The type of medication that is used will depend on the type of stone:

  • Citrate salts: They bind to the calcium dissolved in urine to prevent calcium crystals from developing. Citrate salts are commercially available in the form of soluble tablets, capsules, and powder. It is used to prevent calcium stones, uric acid stones and cystine stones.
  • Thiazide diuretics: These medications reduce the amount of calcium entering the urine from the bloodstream. They promote the production of urine, preventing calcium stones.
  • Allopurinol: This drug inhibits the breakdown of purines to uric acid, lowering the uric acid levels in the urine. Allopurinol is mostly used to prevent uric acid stones.
  • Other medications: If someone has kidney stones caused by urinary tract infections, they can try to prevent them using medication containing L-methionine, which increases the acidity of the urine.
  • Dietary supplements with magnesium increase the levels of magnesium in urine. The magnesium attaches to oxalate in the urine and is believed to prevent the formation of calcium oxalate stones in this way.

Doctors can use blood tests and urine tests, as well as an analysis of the kidney stones, to decide which of the medications are most suitable.

Medications to prevent kidney stones are taken once a day for life. They're usually only considered if someone has already had kidney stones at least twice.

How effective are the medications used for prevention?

Research shows that medicines that are commonly used to prevent kidney stones can be effective. Calcium stones are the most common type of kidney stone, and most of the studies in this area have involved people with calcium stones.

Citrate

Several studies have shown that potassium citrate salts can prevent kidney stones:

  • Without citrate salts, 44 out of 100 people had another kidney stone within two years.
  • With citrate salts, 11 out of 100 people had another kidney stone within two years.

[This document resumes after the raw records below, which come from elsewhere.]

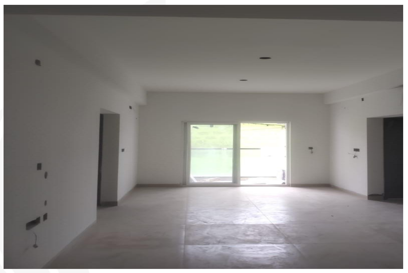
Flats Internal primer work completed
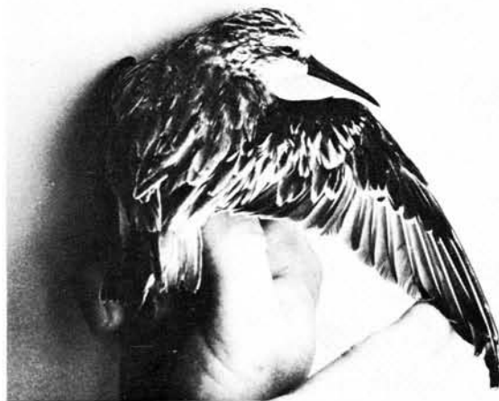
Plate 6. Another dorsal view of Sandwich Harbour specimen, note head markings.
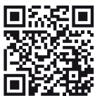
1802/1802 EDP 1802 AP

DoorKing®, Inc. Access Control Solutions since 1948 120 S. Glasgow Avenue, Inglewood, California 90301 U.S.A. Tel: 310-645-0023 FAX: 310-641-1586 www.doorking.com
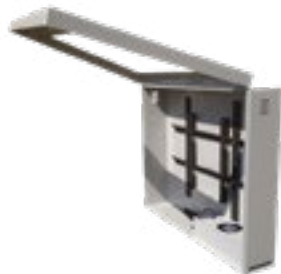
Easy Access Front Door
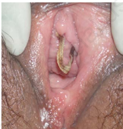
Figure 3. The intravaginal slingplasty sling exposure.
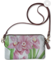
STATEMENT CLUTCH Artwork: Pink Orchid BY VEDA 45.00 USD
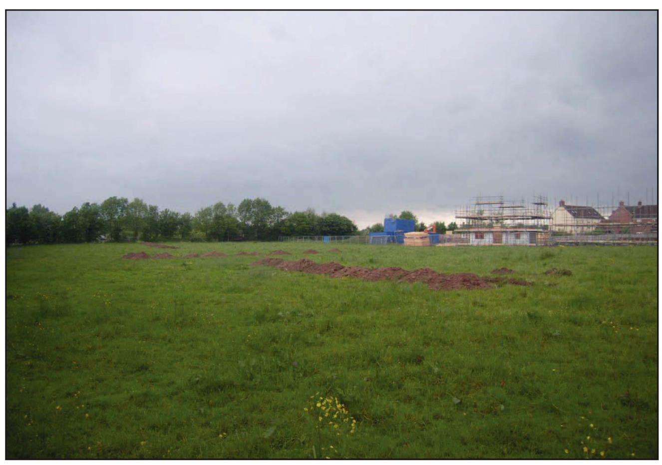
Plate 2: Eastern field with trenches excavated looking north-east
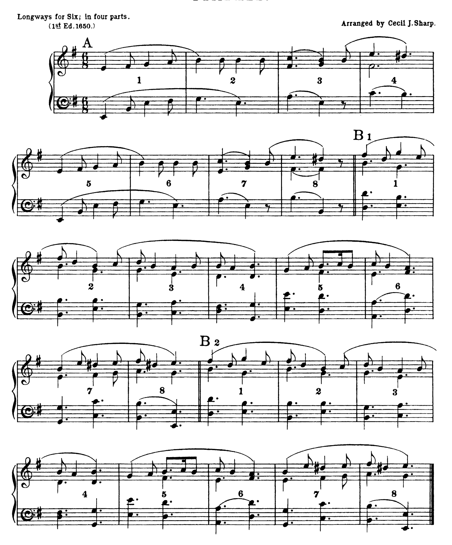
13790 Copyright, 1912, by Novello & Company, Limited.
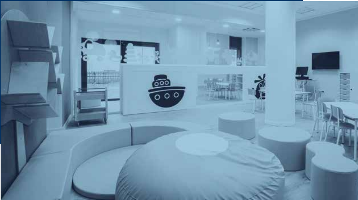
Bright classroom, eco-friendly design
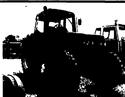
Case IH 7240 4x4, 195 HP, 1100 Hr $68,500
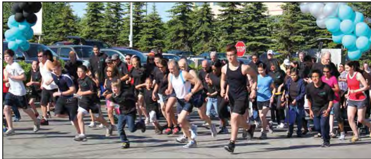
Start of the 2012 SCF Fun Run and Family Wellness Festival.

CIRI's nonprofit health care affiliate, Southcentral Foundation, is hosting its 7th Annual Fun Run/Walk and Family Wellness Festival on Saturday, May 18. This free community event encourages Alaska Native and American Indian people to get moving, get healthy and get fit.
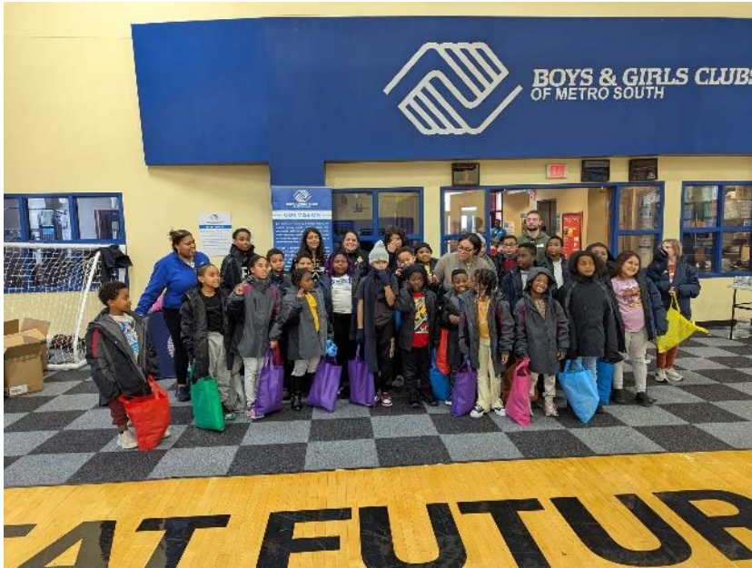
Boys & Girls Club of Metro South
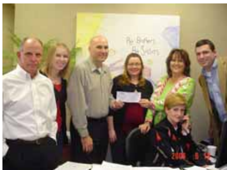
Big Brothers Big Sisters

Trans Texas Southwest Credit Union's "Skip-A-Payment" program is offered each year to help members with their Holiday related expenses. Each loan skipped is charged a $15 fee; half of the fee is donated to 3 predetermined local charities.
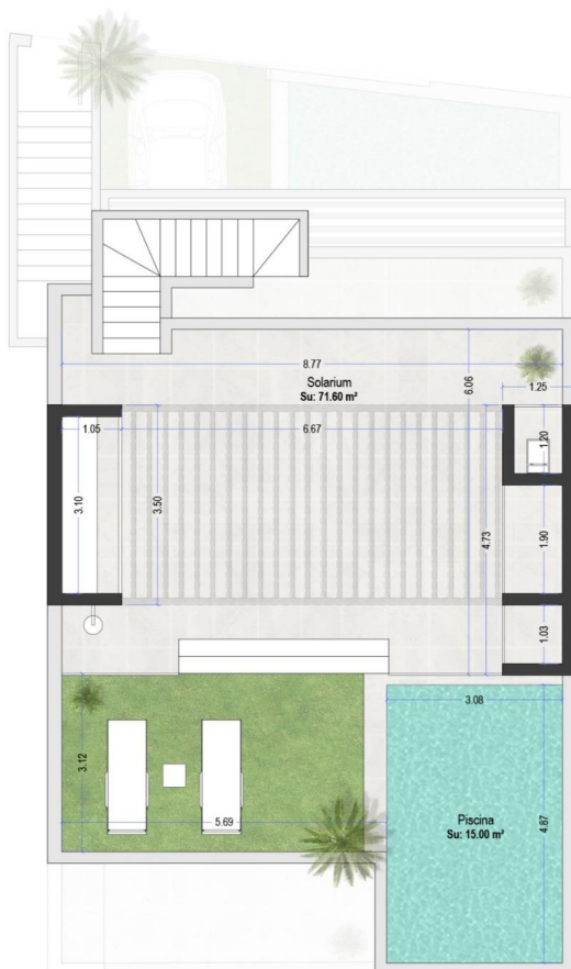
tabla de superficies
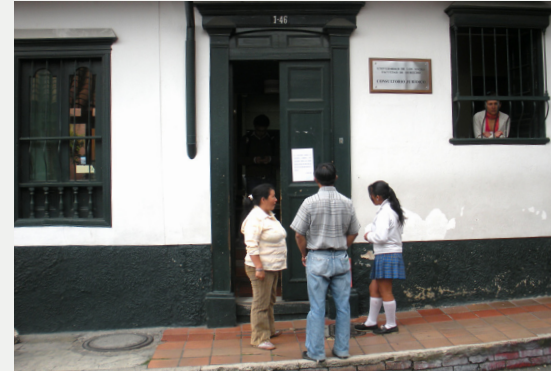
Clients outside the legal clinic of Los Andes Law School and the office of the Fundación Pro Bono Colombia in Bogota.

Expansion of the pro bono initiative in Latin America continues with new PBDA signatories in the Caribbean, Paraguay, Uruguay and Venezuela.
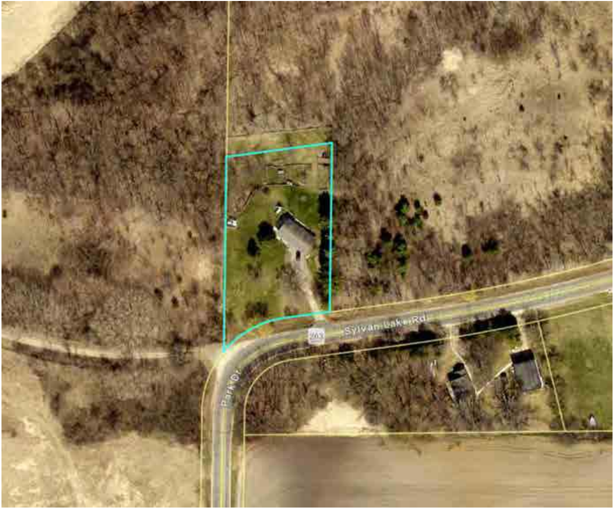
Figure 2: Aerial map of subject property
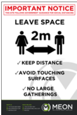
Product code: 112209 400mm x 600mm
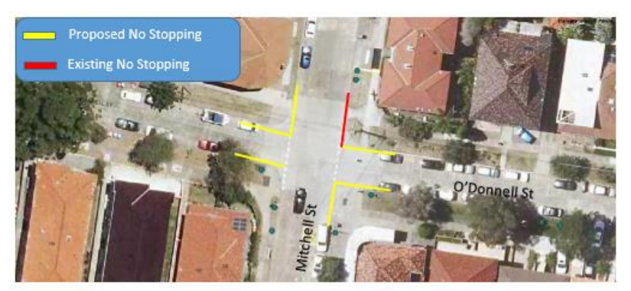
Figure 1.2 Existing and proposed restrictions at Mitchell Street and O'Donnell Street
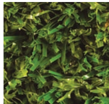
Nearlygrass 40 (Beige)
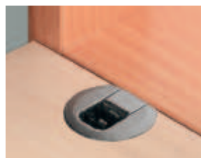
Detail view: Flap made of wood
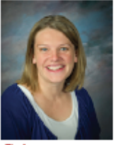
Grimes 1 st Grade
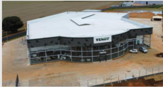
Customer Connected Distribution
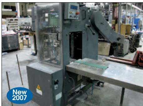
TPE Stacker Model 825
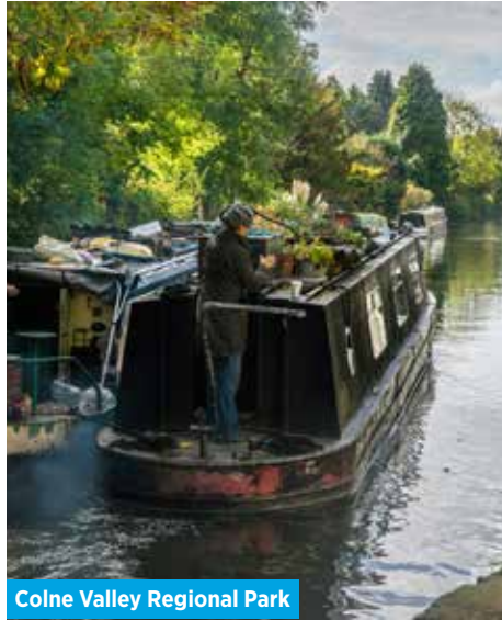
Colne Valley Regional Park

We are based in London without the stresses and expense of being in central London. By choosing to study with us you will enjoy the best of city life, whilst also being able to experience the beautiful English countryside.
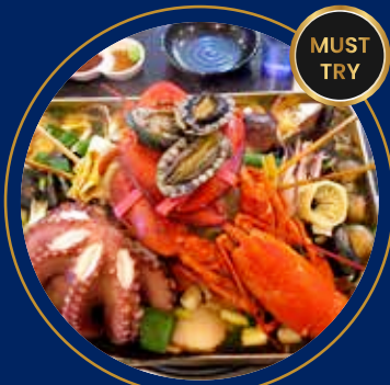
Emperor Submarine Seafood Pot 皇帝潜水艇海鲜锅
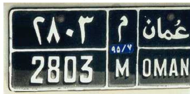
2803 : commercial vehicle from Musandam (exp. 07/95)

From 1986 motorcycle plates have been divided into three, wholly in Arabic script; the district code separated by a vertical line from "Oman" above a serial number. Privately owned motorcycles have black on yellow plates but it is not known if any other colors are used.
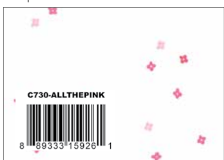
All the Pink Blossom
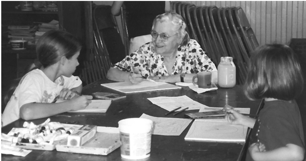
GRACE community workshop.
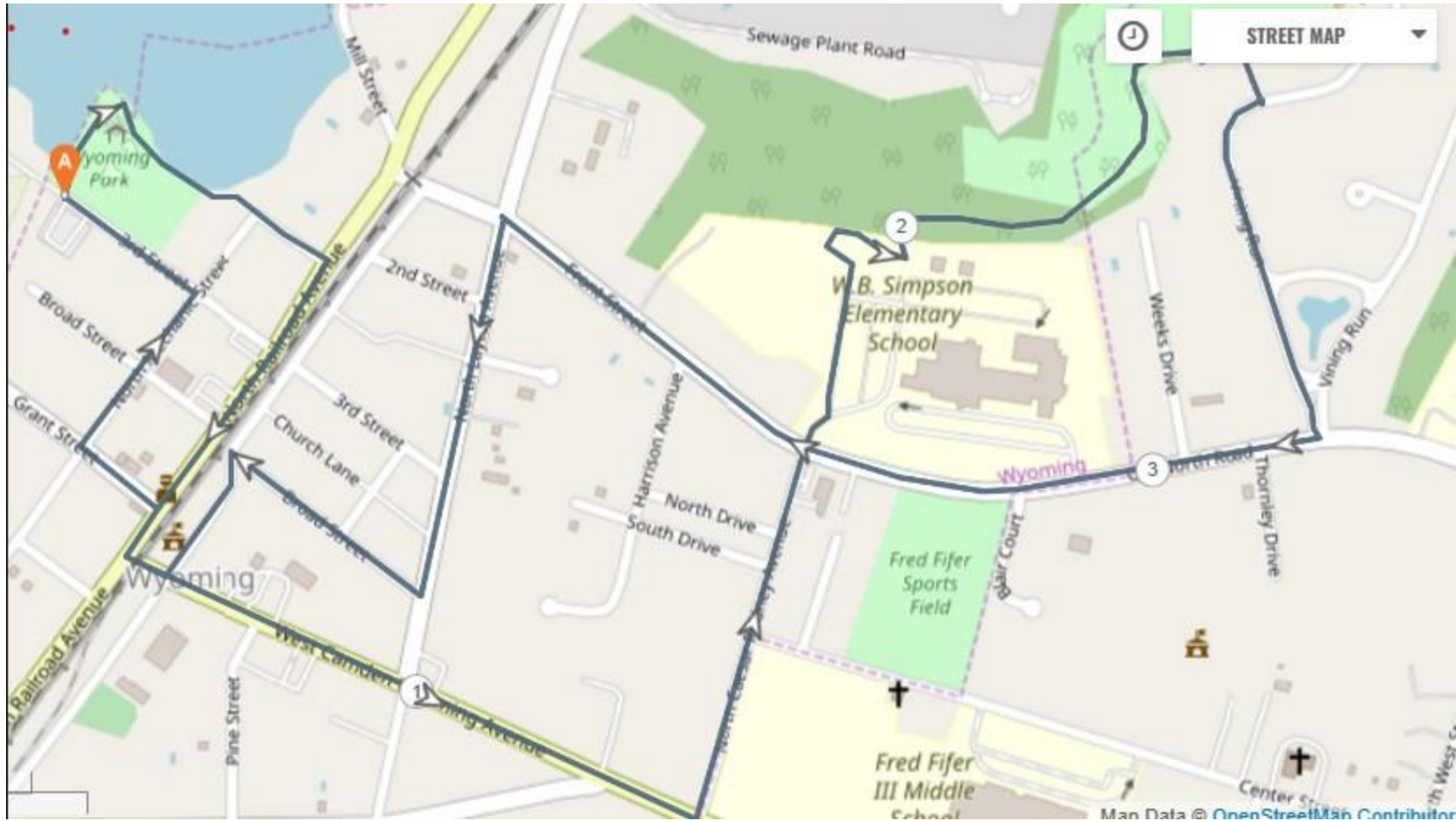
Louise Walk 5K Map

In other words, this medication prevented the development of another kidney stone in 33 out of 100 people.

The possible side effects of citrate salts are stomach and bowel (gastrointestinal) problems and diarrhea. About 12 out of 100 people in the studies stopped their treatment early due to the side effects.

Thiazide diuretics

Research has also shown that thiazide diuretics lower the risk of kidney stones:

  • Without thiazide diuretics, 47 out of 100 people had another kidney stone within three years.
  • With thiazide diuretics, 24 out of 100 people had another kidney stone within three years.

So taking thiazide diuretics prevented the development of further kidney stones in 23 out of 100 people.

Thiazide diuretics can have various side effects, including low blood pressure accompanied by dizziness and drowsiness, a dry mouth and erection problems. 8 out of 100 people in the studies stopped their treatment early due to side effects.

Allopurinol

Allopurinol is mostly used to prevent uric acid stones. But its effectiveness has only been studied in people with calcium stones. Those studies showed that allopurinol can prevent calcium stones:

  • Without allopurinol, 55 out of 100 people had another kidney stone within three and a half years.
  • With allopurinol, 33 out of 100 people had another kidney stone within three and a half years.

So the medication prevented the development of a further kidney stone in 22 out of 100 people.

Allopurinol may cause rashes and sometimes trigger gout attacks. But the number of people in the studies who dropped out due to side effects was no greater in the group that had the allopurinol treatment than in the group that did not.

Other medications

Other types of medications used for the prevention of specific types of kidney stones, such as magnesium or L-methionine, have not yet been tested in good-quality studies, so it's not clear whether they can prevent kidney stones.